TASK DIRECTIONS ▸ Exactly the lines below from the one with "行星宇宙漩涡星球星空未来科技概念插画背景" up to and including the one with "[까르죠아]까르죠아 곰돌이 인조" make up the answer, with nothing else added.

RECORDS SHOWN ▸

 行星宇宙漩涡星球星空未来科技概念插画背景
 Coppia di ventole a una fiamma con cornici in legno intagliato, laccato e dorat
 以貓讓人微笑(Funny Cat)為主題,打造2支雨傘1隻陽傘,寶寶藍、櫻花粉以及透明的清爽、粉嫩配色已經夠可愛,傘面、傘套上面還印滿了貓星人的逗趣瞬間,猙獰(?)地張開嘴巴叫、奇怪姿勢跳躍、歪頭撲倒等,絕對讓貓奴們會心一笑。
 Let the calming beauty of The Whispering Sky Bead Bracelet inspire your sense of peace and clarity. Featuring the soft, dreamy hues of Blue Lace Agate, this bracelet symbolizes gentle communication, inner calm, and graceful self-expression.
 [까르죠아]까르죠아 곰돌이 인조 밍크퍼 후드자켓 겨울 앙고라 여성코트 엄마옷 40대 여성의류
* * *
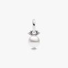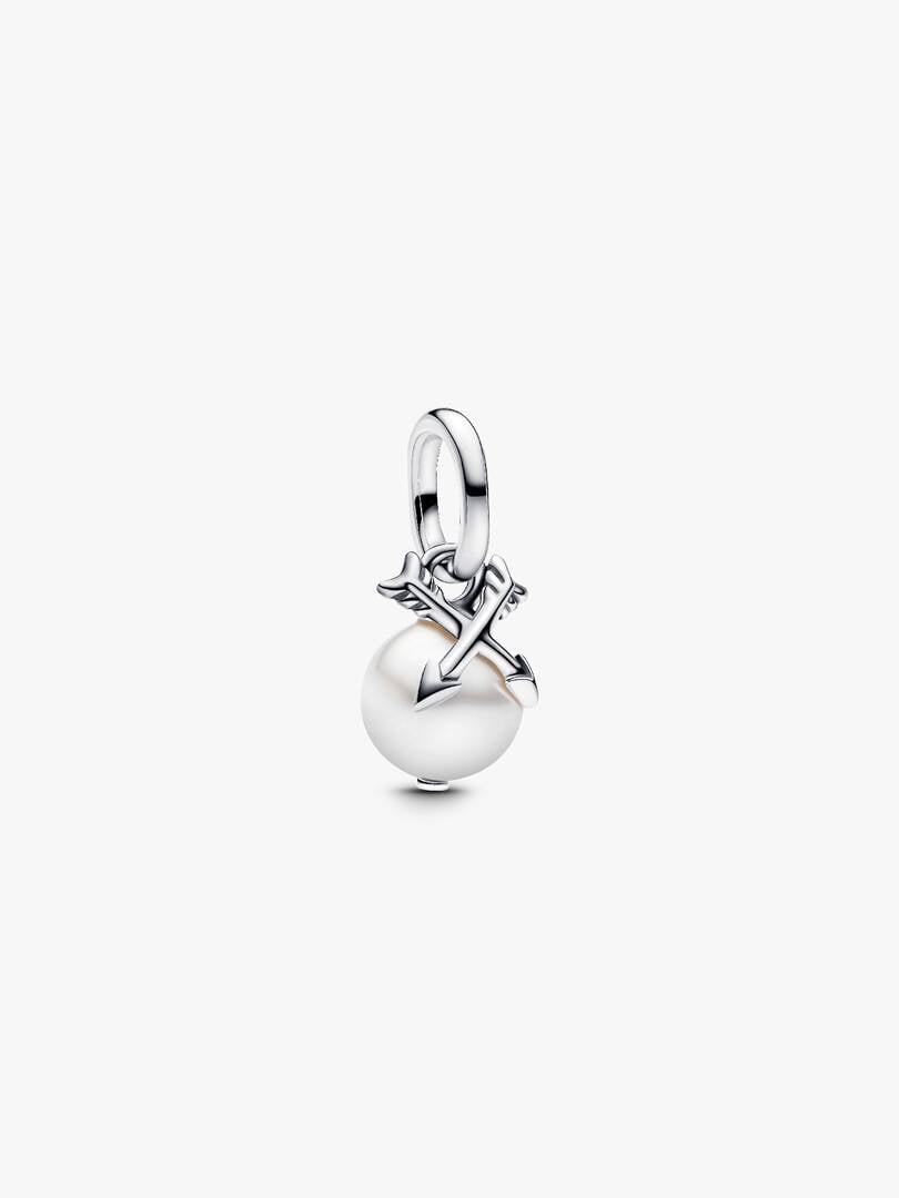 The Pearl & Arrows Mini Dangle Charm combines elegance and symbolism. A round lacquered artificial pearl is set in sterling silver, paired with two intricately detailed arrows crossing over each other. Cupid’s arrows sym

YOUR SOLUTION ▸
 行星宇宙漩涡星球星空未来科技概念插画背景
 Coppia di ventole a una fiamma con cornici in legno intagliato, laccato e dorat
 以貓讓人微笑(Funny Cat)為主題,打造2支雨傘1隻陽傘,寶寶藍、櫻花粉以及透明的清爽、粉嫩配色已經夠可愛,傘面、傘套上面還印滿了貓星人的逗趣瞬間,猙獰(?)地張開嘴巴叫、奇怪姿勢跳躍、歪頭撲倒等,絕對讓貓奴們會心一笑。
 Let the calming beauty of The Whispering Sky Bead Bracelet inspire your sense of peace and clarity. Featuring the soft, dreamy hues of Blue Lace Agate, this bracelet symbolizes gentle communication, inner calm, and graceful self-expression.
 [까르죠아]까르죠아 곰돌이 인조 밍크퍼 후드자켓 겨울 앙고라 여성코트 엄마옷 40대 여성의류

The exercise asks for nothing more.